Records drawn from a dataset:
____________________
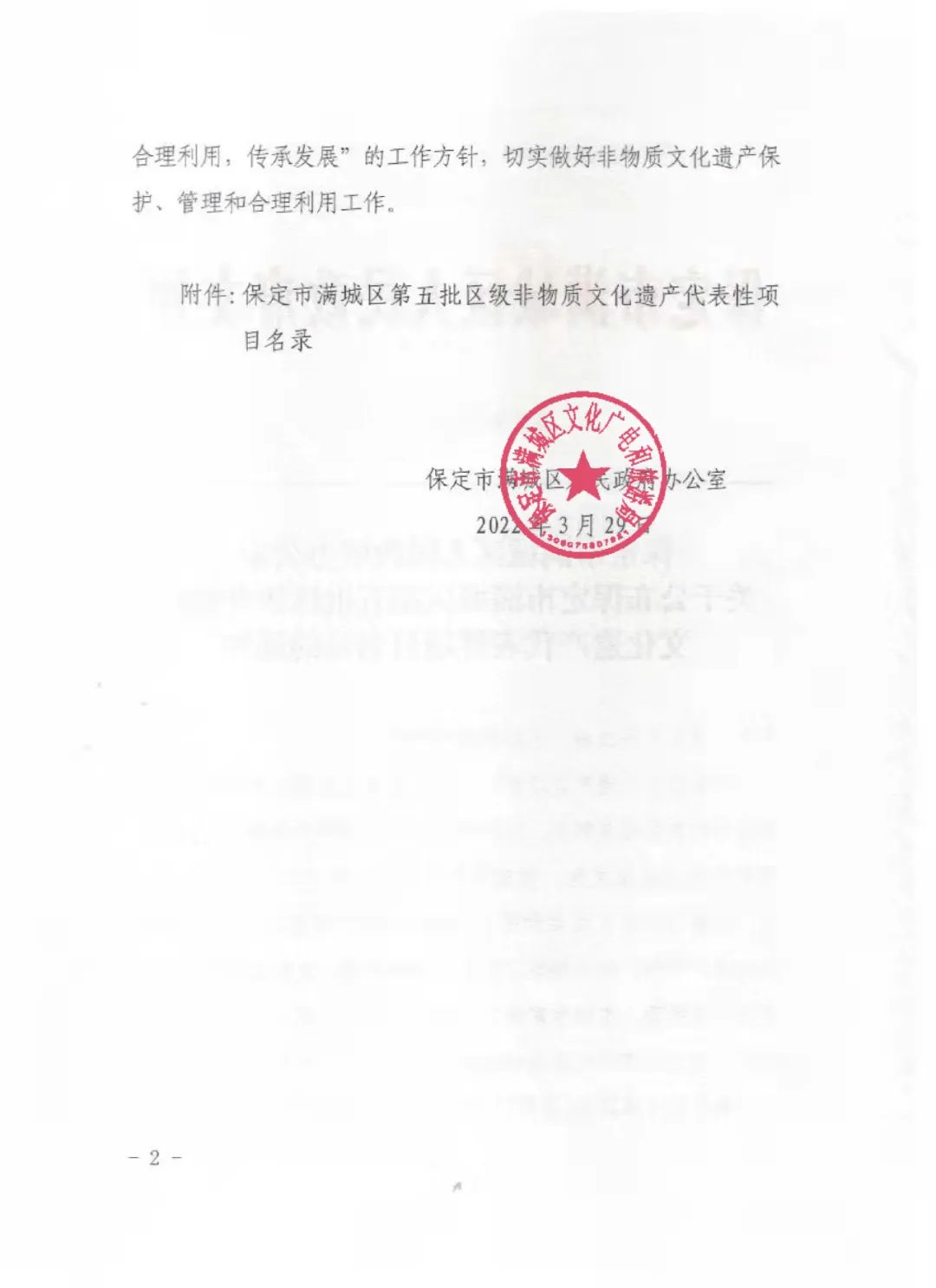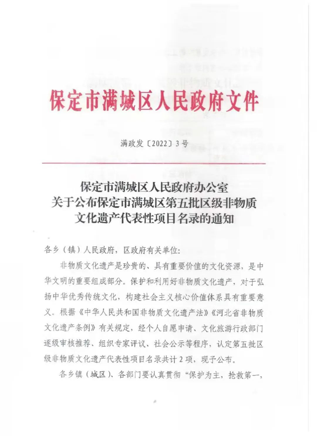 杜樹輝等3人為滿城區(qū)第三批縣級非物質(zhì)文化遺產(chǎn)代表性傳承人。
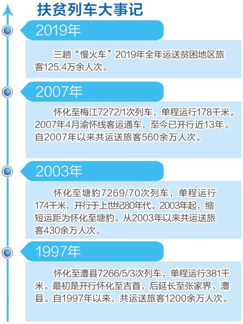 今年春運(yùn)期間,為方便沿線村鎮(zhèn)群眾出行,在焦柳線、渝懷線和滬昆線鐵路上,廣鐵集團(tuán)開行的懷化至重慶梅江7272/7271次、懷化至澧縣7266/7267次、懷化至塘豹7269/7270次列車均不停運(yùn),每站必停。寒來暑往,幾趟“扶貧公益慢火車”已經(jīng)相繼運(yùn)行了幾十年,票價(jià)最低1元,一直沒有漲過價(jià)。
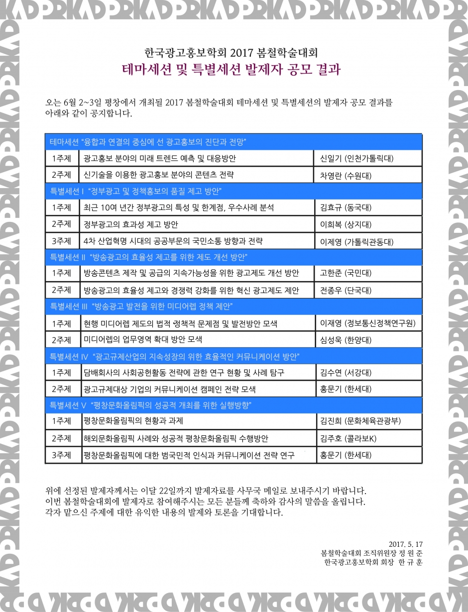 [KADPR] 2017 봄철학술대회 테마세션 및 특별세션 발제자 공모 결과
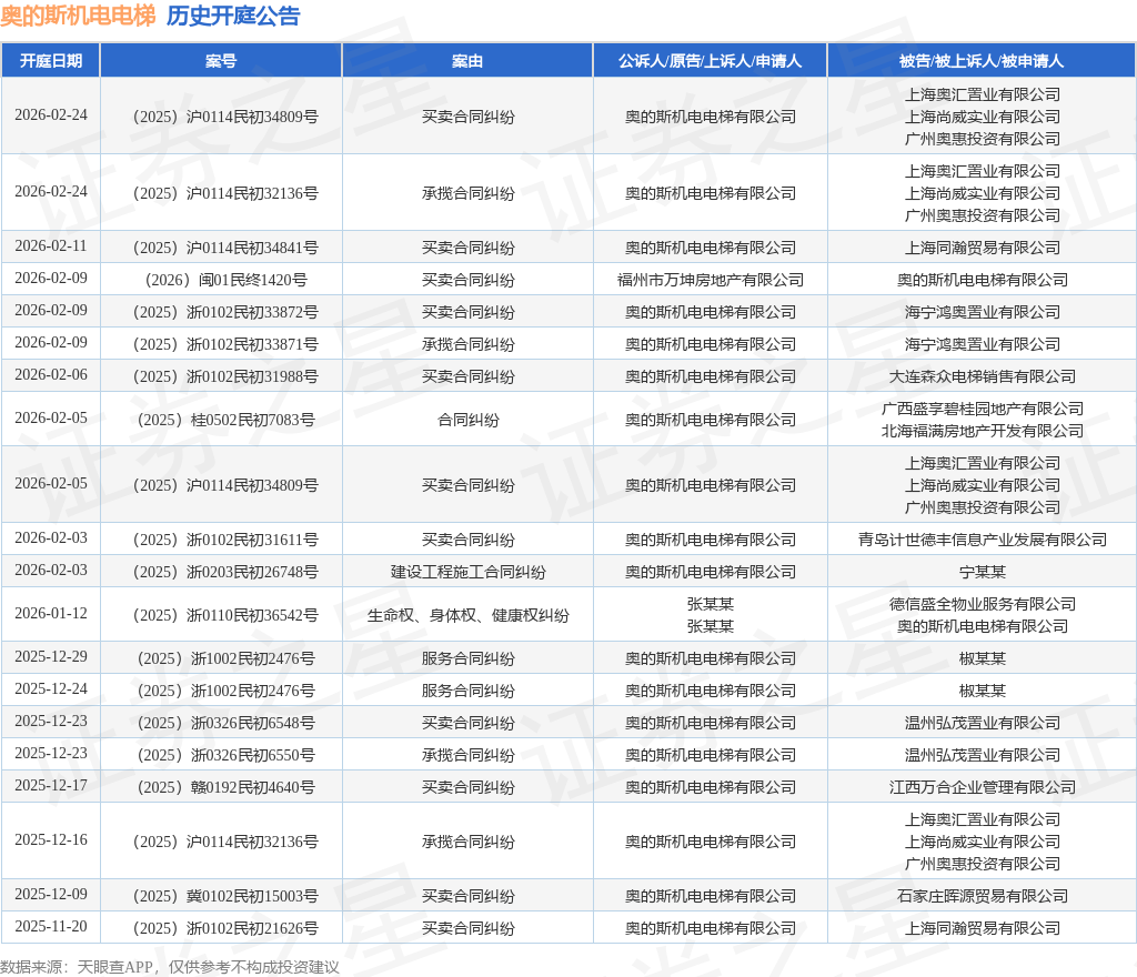 案号:(2025)浙0102民初31988号根据统计,近一年内以奥的斯机电电梯有限公司为当事人的历史开庭公告有208则,其中案由为“买卖合同纠纷”的公告以90则居首,其次为“承揽合同纠纷”有60则,“建设工程施工合同纠纷”有13则。历史开庭公告(前20条)如下:
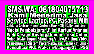 Kami juga menerima jasa pembuatan game, game android,game 2d 3d, jasa pembuatan animasi 2d 3d, jasa pembuatan web, jasa hosting domain, jasa pembuatan aplikasi,jasa pembuatan media pembelajaran,jasa service laptop pc printer, jasa pemasangan jaringan,dll , terima kasih tetap semangat.
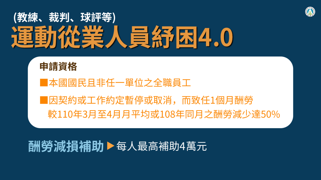 國內疫情爆發衝擊經濟,為加速紓困,教育部針對受影響而有營運困難的運動事業及相關從業人員,推出「運動紓困4.0」措施,補貼包括室(外)運動場館經營管理行業如球類運動場館、室內(外)游泳池、拳擊館、田徑場、健身中心及賽車場等運動事業,及符合資格的運動從業人員每人最高補助4萬元,自6月7日起至8月31日止線上受理申請。
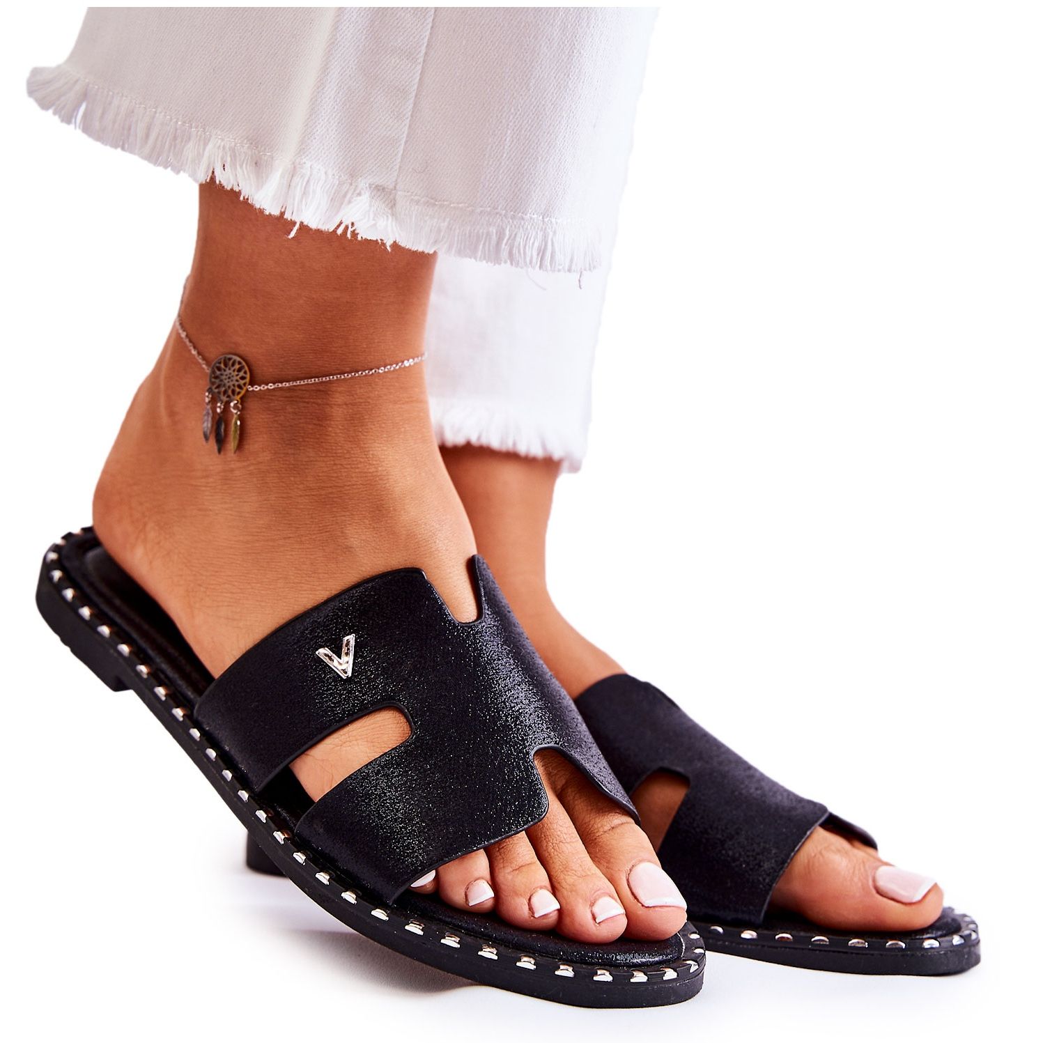 Podrobnosti: Vinceza Módní dámské pantofle s černým znakem Miquel
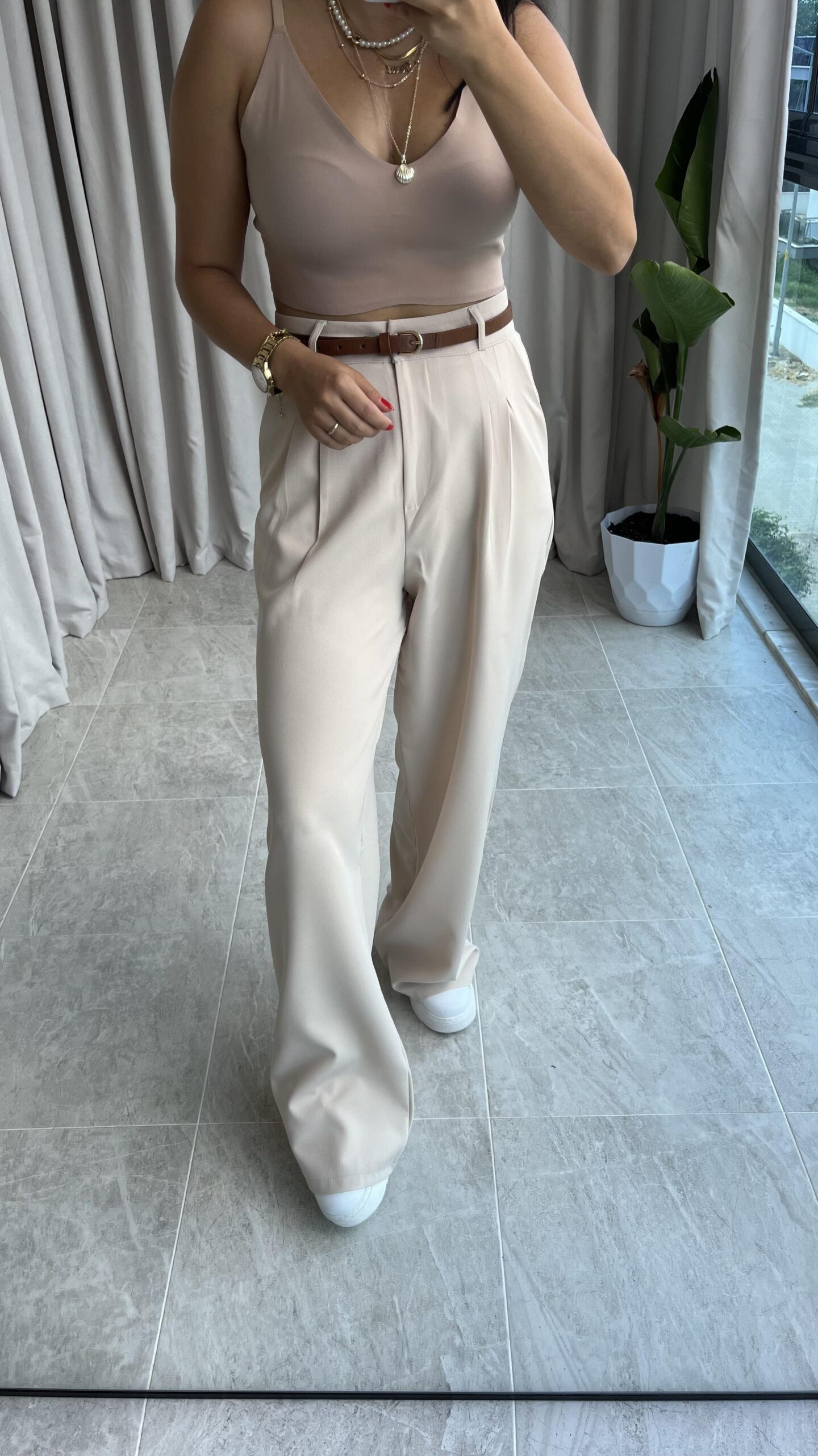 Melina Cırtlı Palazzo Pantolon – Taş
____________________
== HOW TO COMPLETE THIS TASK ==
The response should hold only an exact retyping of the lines from the beginning of the data through the line containing "案号:(2025)浙0102", both ends kept, pictures omitted.

== SOLUTION ==
 杜樹輝等3人為滿城區(qū)第三批縣級非物質(zhì)文化遺產(chǎn)代表性傳承人。
 今年春運(yùn)期間,為方便沿線村鎮(zhèn)群眾出行,在焦柳線、渝懷線和滬昆線鐵路上,廣鐵集團(tuán)開行的懷化至重慶梅江7272/7271次、懷化至澧縣7266/7267次、懷化至塘豹7269/7270次列車均不停運(yùn),每站必停。寒來暑往,幾趟“扶貧公益慢火車”已經(jīng)相繼運(yùn)行了幾十年,票價(jià)最低1元,一直沒有漲過價(jià)。
 [KADPR] 2017 봄철학술대회 테마세션 및 특별세션 발제자 공모 결과
 案号:(2025)浙0102民初31988号根据统计,近一年内以奥的斯机电电梯有限公司为当事人的历史开庭公告有208则,其中案由为“买卖合同纠纷”的公告以90则居首,其次为“承揽合同纠纷”有60则,“建设工程施工合同纠纷”有13则。历史开庭公告(前20条)如下:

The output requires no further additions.